Der Schweizer Geheimdienst NDB ist besorgt über die innenpolitischen Entwicklungen in der Ukraine. Dies geht aus einer vertraulichen Lagebeurteilung des NDB hervor, wie die «NZZ am Sonntag» berichtete. Im Hinblick auf die Präsidentschaftswahlen 2024 befände sich die Ukraine an einem kritischen Punkt, da der amtierende ukrainische Präsident Wolodimir Selenski angeblich zu unfairen Mitteln greift. Genauer heisst es im Bericht des NDB, dass Selenski versuche, den Bürgermeister von Kiew, Vitali Klitschko, auszuschalten, und mit solchen Aktionen autoritäre Züge zeige.
Alltag in der Ukraine
Den Nationalrat der Grünliberalen und Ukraine-Kenner Martin Bäumle überrascht das problematische Vorgehen von Selenski nicht. «Es ist nichts Neues, dass in der Ukraine Politik so geht, und man versucht, den politischen Gegner irgendwie aus dem Weg zu räumen.» Das sei schon in der Vergangenheit der Fall gewesen und habe mit der aktuellen Kriegslage eigentlich nichts zu tun, meint Bäumle. Trotzdem dürfe die momentane Situation, in der sich die Ukraine befindet, nicht ausser Acht gelassen werden.
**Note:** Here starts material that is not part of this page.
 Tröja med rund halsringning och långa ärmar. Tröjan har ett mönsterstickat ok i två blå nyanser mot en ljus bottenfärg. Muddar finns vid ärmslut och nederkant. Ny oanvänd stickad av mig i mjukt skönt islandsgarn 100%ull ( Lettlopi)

Auch die problematische Entwicklung im Bereich der Korruption sei bereits in Friedenszeiten ein grosses Thema gewesen, natürlich verschlechtere eine Kriegslage solche Problematiken. Da in diesem Land momentan das Kriegsrecht herrsche, müsse ein milderer Blick auf das Ganze geworfen werden, sagt Bäumle.
Klitschko ist keine Konkurrenz
Nach Ulrich Schmid, Professor für Osteuropastudien an der Universität St. Gallen, geht Selenski gegen den falschen Kontrahenten vor. Für Selenski stellt Vitali Klitschko laut Schmid nämlich keine echte Konkurrenz dar, da Klitschko selbst auch schon harsch in der Kritik stand, nicht genügend Schutzraum für die Kiewer Bevölkerung zur Verfügung gestellt zu haben. Gefährlich für Selenski könne höchstens Generalstabchef Waleri Saluschni werden, da Schmid zufolge nur ein militärischer Held die Wahl zum Präsidenten gewinnen kann.
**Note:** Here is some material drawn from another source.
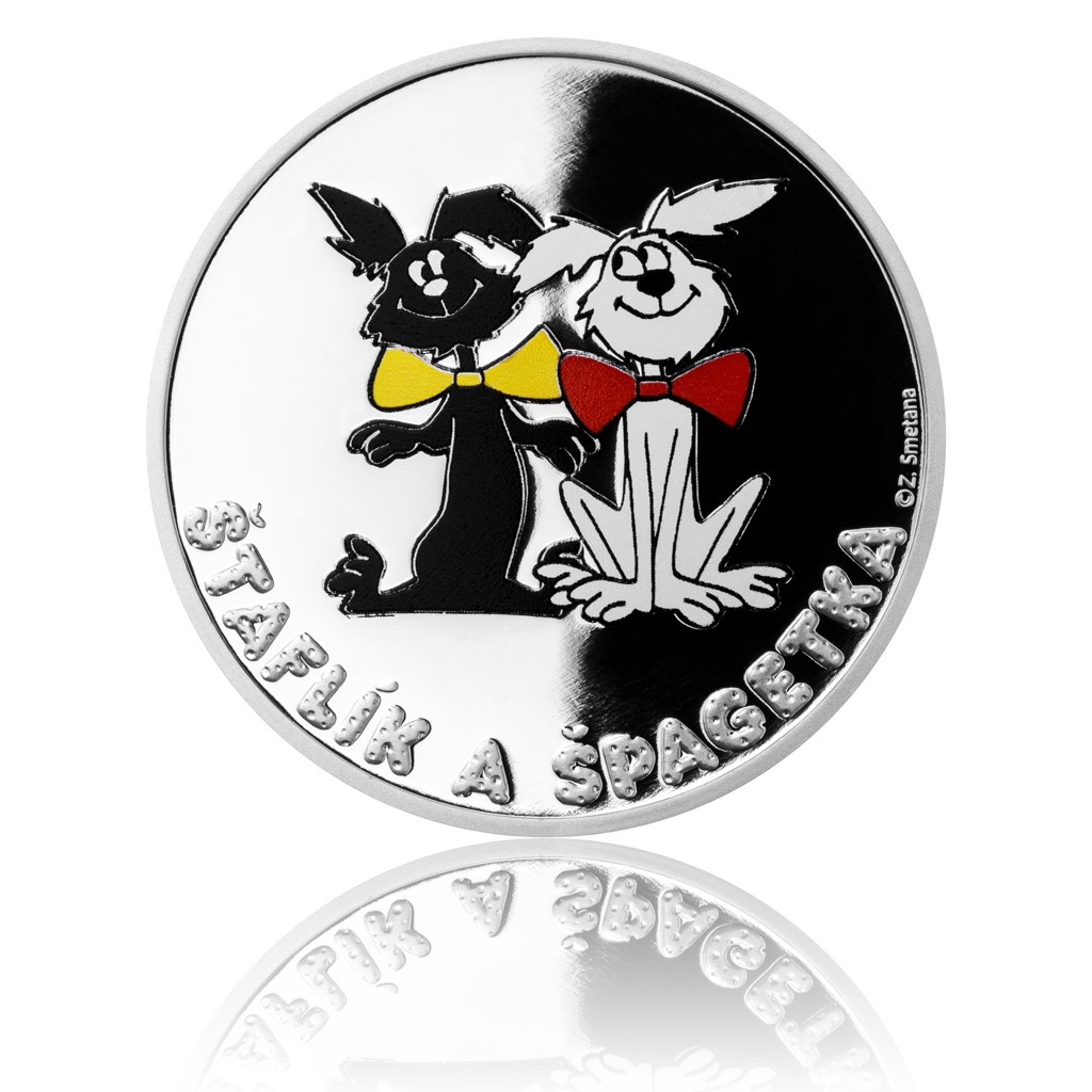 The fourth medal in the series features two dog friends – Štaflík and Špagetka. They are featured on the obverse of the silver medal in proof quality. The reverse side is common for the entire series: a composition comprising characters from Zdeněk Smetana’s fairy tales and an inscription POHÁDKY ZDEŇKA SMETANY (Zdeněk Smetana’s Fairy Tales).

Selenski will das Feld für sich allein
Inwiefern Klitschko und Saluschni als ernstzunehmende Konkurrenz im Rennen um die Präsidentschaftswahl bezeichnet werden können, ist zum heutigen Zeitpunkt noch unklar. Für Wolodimir Ariev, Politiker und Enthüllungsjournalist aus der Ukraine, steht fest, dass Selenski den beiden keine Erfolge gönnen würde.
«Als ehemaliger Schauspieler mag Selenski anderen keinen Erfolg gönnen. Er möchte das politische Feld für sich allein haben.» Im Vergleich zu Selenski sei Saluschni viel populärer beim ukrainischen Volk, sagt Ariev. Unstimmigkeiten oder gar Auseinandersetzungen zwischen den beiden sind bis jetzt noch nicht bekannt. Nach der Meinung des ukrainischen Journalisten müsse man darauf aber nicht mehr lange warten.
Fakt ist: Selenski befindet sich momentan in einer äusserst starken Position. Als militärischer Held und Kämpfer für die Freiheit wird er seit Ausbruch des Krieges wahrgenommen, dadurch fliegen ihm international die Sympathien zu.